▶ _Exercise prompt_
Below are records to reproduce in full; copy them exactly but keep the pictures out.

[Opening Dataset section]

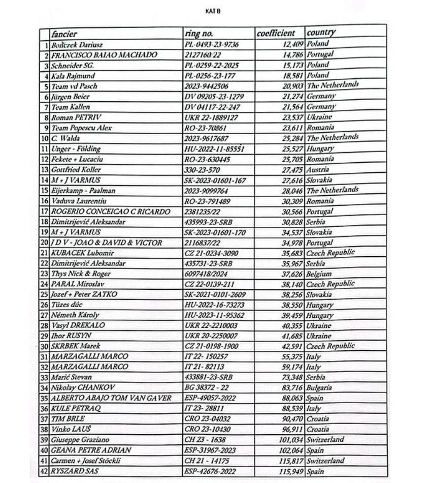 - 16th FCI WORLD BEST PIGEON “YEARLING” 2024– 8102216
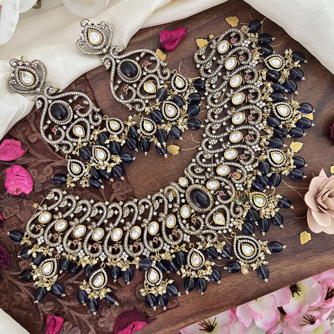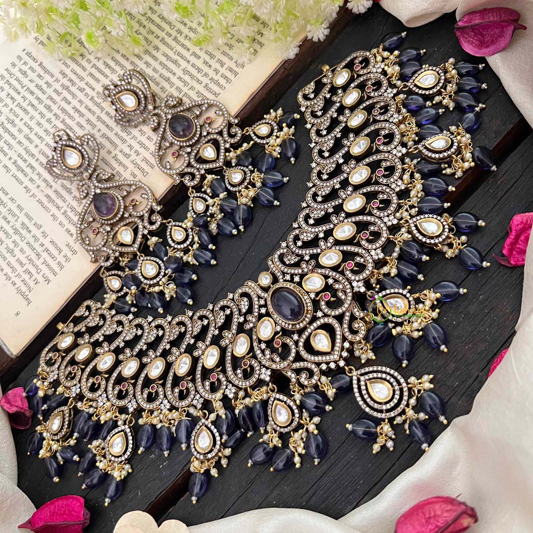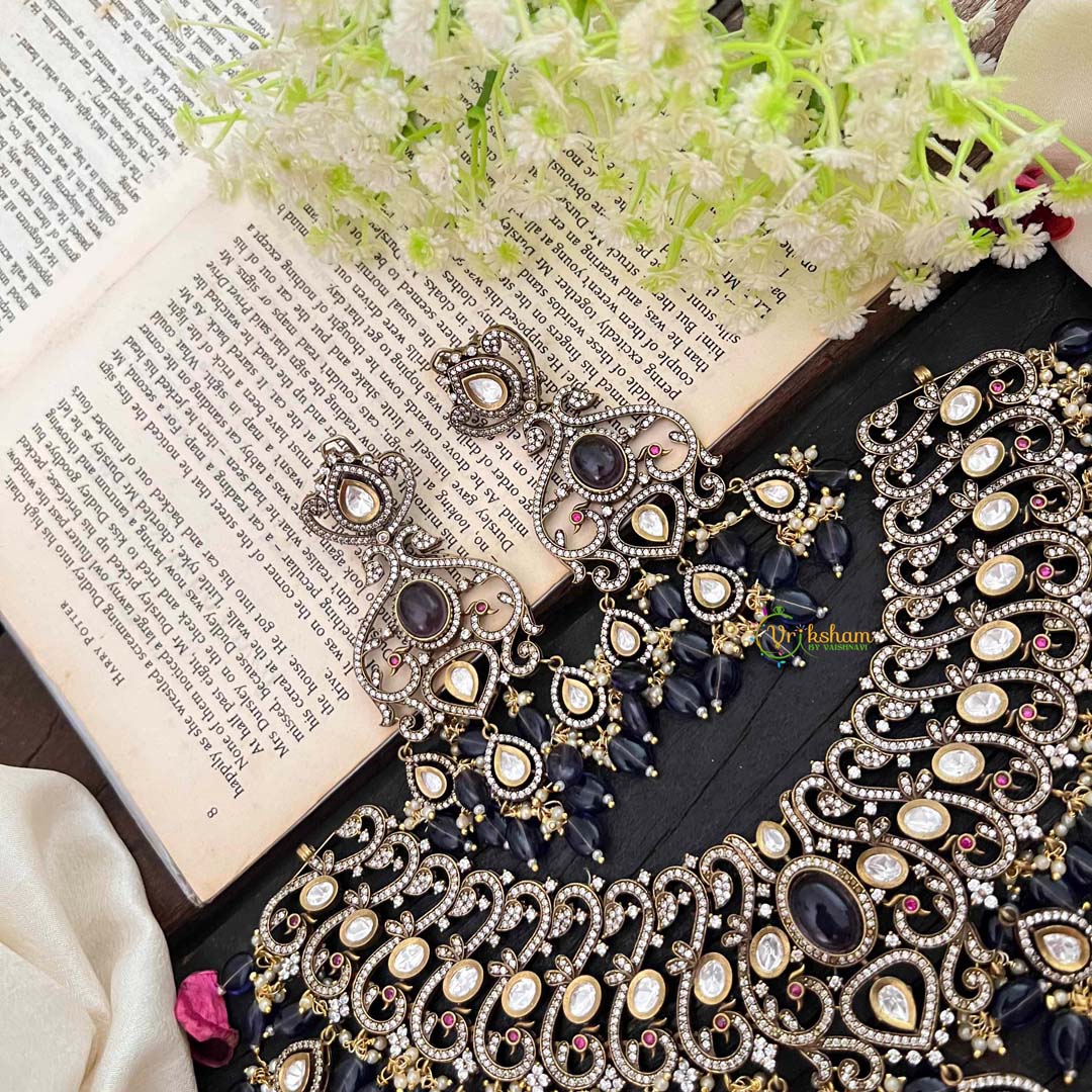 Blue Victorian Diamond High Neck Choker - precious stone studded statement royal jewelry; comes with matching earrings.
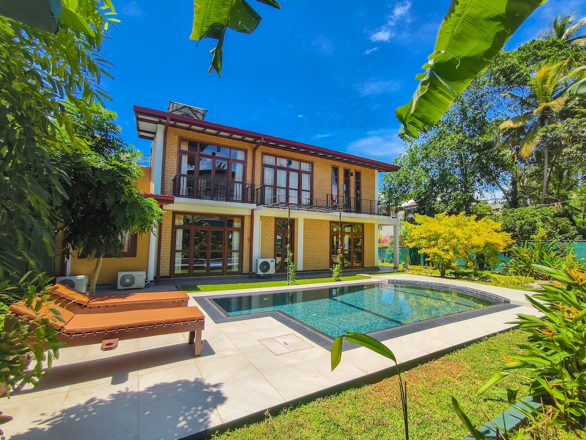 Tourist board and Safe and Secure certification for covid-19. Sitiuated 150m from the ocean in a serene and private area. We provide AC, Hot Water, Pantry, Gas, BBQ, Washing Machine, Fridge, Private Pool & jacuzzi, Air Port Pickup & Drop will be charged @ cheap rate . (Note : you can use Garden & entire upstair). 6km to Bentota / Madu River. 45 min to Hikkaduwa, Galle Fort & Unawatuna,Water sports, turtle farms etc are close. Breakfast not provided unless especially requested ($5each).
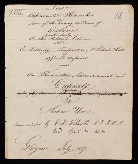 Andrew Ure, Paper, 'New experimental researches on some of the leading doctrines of caloric particularly on the relation between the elasticity, temperature, and latent heat of different vapours and on thermometric admeasurement and capacity' by Andrew Ure, 01 July 1817, PT/12/18, The Royal Society Archives, London, https://makingscience.royalsociety.org/items/pt_12_18/paper-new-experimental-researches-on-some-of-the-leading-doctrines-of-caloric-particularly-on-the-relation-between-the-elasticity-temperature-and-latent-heat-of-different-vapours-and-on-thermometric-admeasurement-and-capacity-by-andrew-ure, accessed on 14 February 2026
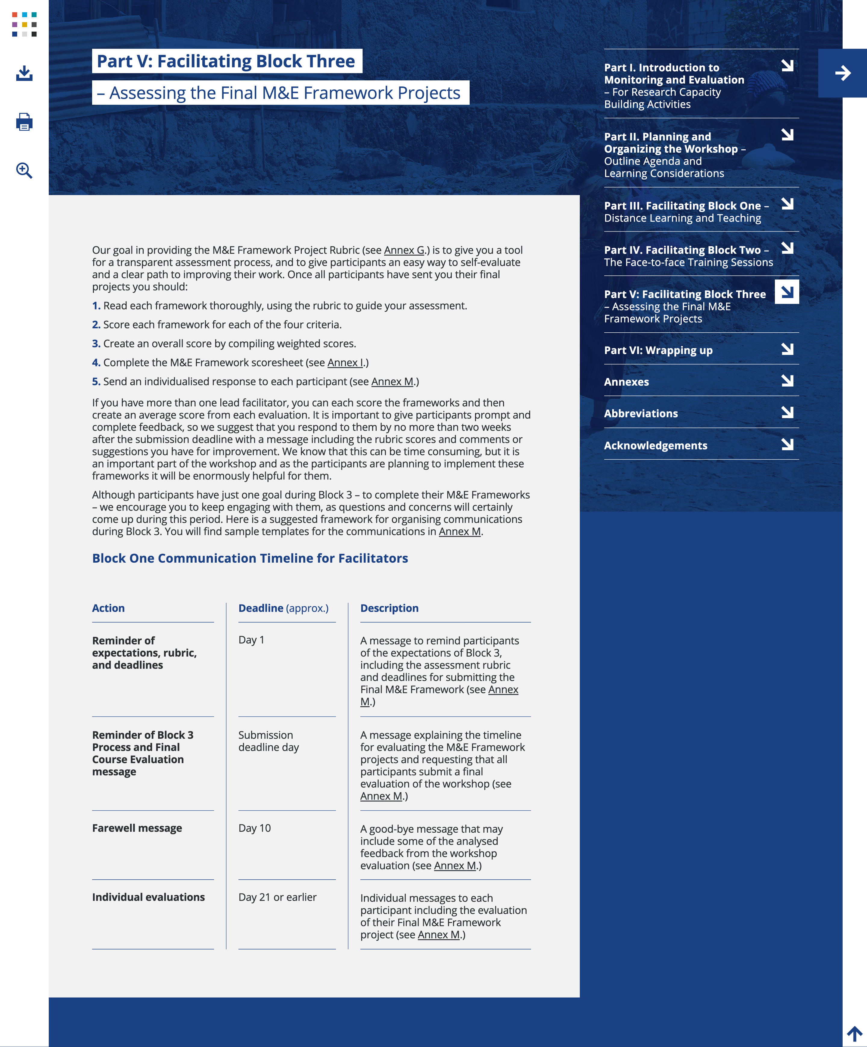 A message to remind participants of the expectations of Block 3, including the assessment rubric and deadlines for submitting the Final M&E Framework (see Annex M.)
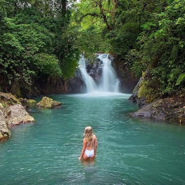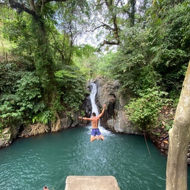 The plunge pool is deep and refreshing, ideal for swimming, although this specific waterfall does not allow cliff jumping due to the strong current beneath the fall itself. Instead, visitors enjoy the view from the rocks, swim in calmer areas, and explore the other waterfalls located nearby.
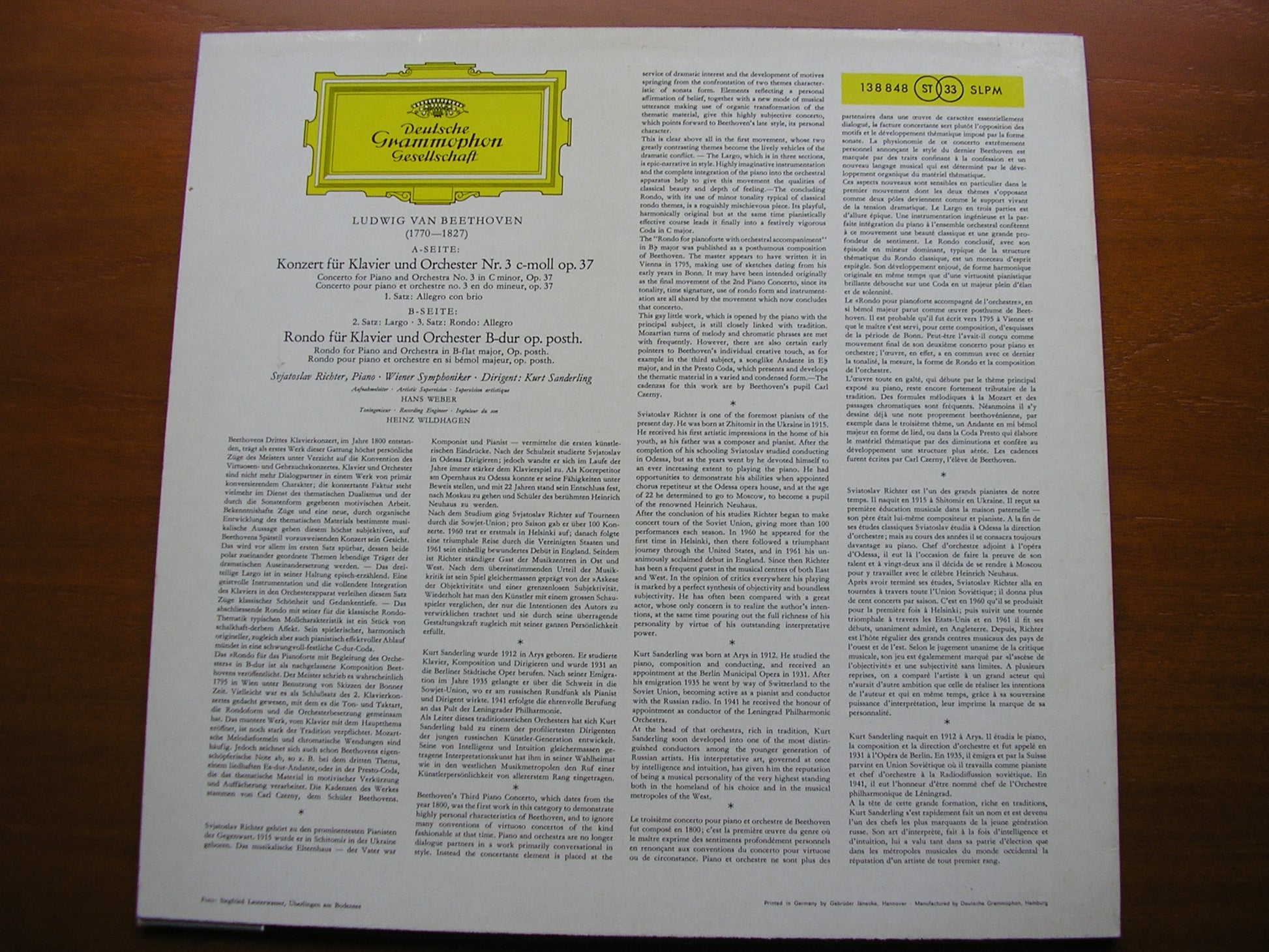 138 848  BEETHOVEN: PIANO CONCERTO No. 3 / RONDON in B     SVIATOSLAV RICHTER / VIENNA SYMPHONY ORCHESTRA /KURT SANDERLING
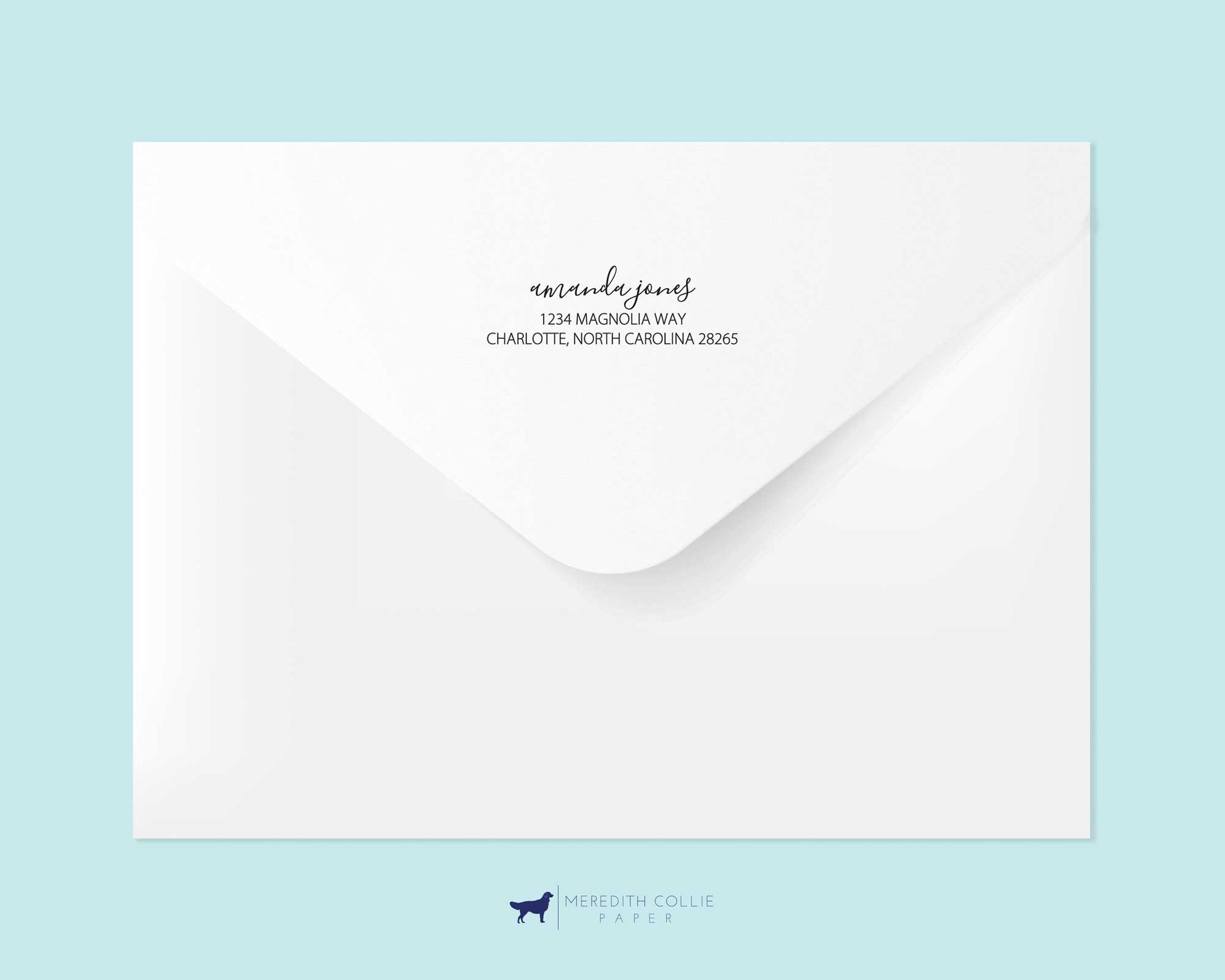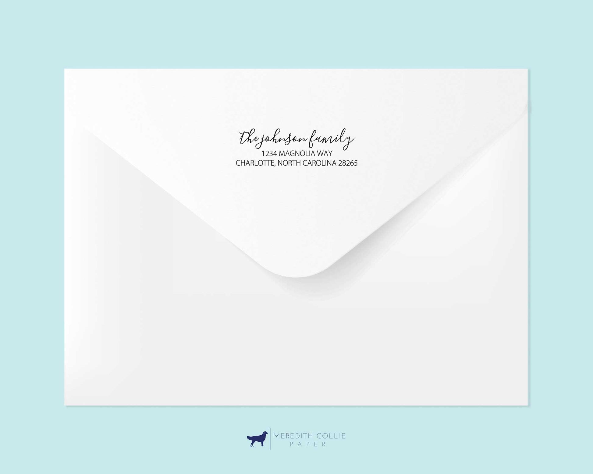 This pretty return address stamp design features your name in an elegant script font. Underneath is your address printed in a complimentary font.
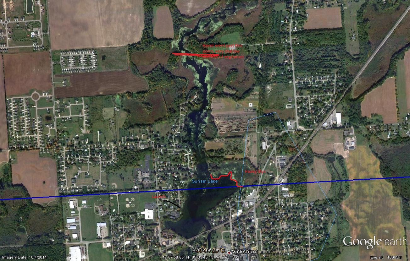 Moved to this lake a few months ago, managed to get 1 smallmouth from it, decent size so i know they are here. Have been having a real hard time finding bites now that the weather is cooling off in michigan. Here is a picture from google earth, not sure how much help it will be but you can see the surface vegetation.

[Closing Dataset section]

▶ _Solution_
 - 16th FCI WORLD BEST PIGEON “YEARLING” 2024– 8102216
 Blue Victorian Diamond High Neck Choker - precious stone studded statement royal jewelry; comes with matching earrings.
 Tourist board and Safe and Secure certification for covid-19. Sitiuated 150m from the ocean in a serene and private area. We provide AC, Hot Water, Pantry, Gas, BBQ, Washing Machine, Fridge, Private Pool & jacuzzi, Air Port Pickup & Drop will be charged @ cheap rate . (Note : you can use Garden & entire upstair). 6km to Bentota / Madu River. 45 min to Hikkaduwa, Galle Fort & Unawatuna,Water sports, turtle farms etc are close. Breakfast not provided unless especially requested ($5each).
 Andrew Ure, Paper, 'New experimental researches on some of the leading doctrines of caloric particularly on the relation between the elasticity, temperature, and latent heat of different vapours and on thermometric admeasurement and capacity' by Andrew Ure, 01 July 1817, PT/12/18, The Royal Society Archives, London, https://makingscience.royalsociety.org/items/pt_12_18/paper-new-experimental-researches-on-some-of-the-leading-doctrines-of-caloric-particularly-on-the-relation-between-the-elasticity-temperature-and-latent-heat-of-different-vapours-and-on-thermometric-admeasurement-and-capacity-by-andrew-ure, accessed on 14 February 2026
 A message to remind participants of the expectations of Block 3, including the assessment rubric and deadlines for submitting the Final M&E Framework (see Annex M.)
 The plunge pool is deep and refreshing, ideal for swimming, although this specific waterfall does not allow cliff jumping due to the strong current beneath the fall itself. Instead, visitors enjoy the view from the rocks, swim in calmer areas, and explore the other waterfalls located nearby.
 138 848  BEETHOVEN: PIANO CONCERTO No. 3 / RONDON in B     SVIATOSLAV RICHTER / VIENNA SYMPHONY ORCHESTRA /KURT SANDERLING
 This pretty return address stamp design features your name in an elegant script font. Underneath is your address printed in a complimentary font.
 Moved to this lake a few months ago, managed to get 1 smallmouth from it, decent size so i know they are here. Have been having a real hard time finding bites now that the weather is cooling off in michigan. Here is a picture from google earth, not sure how much help it will be but you can see the surface vegetation.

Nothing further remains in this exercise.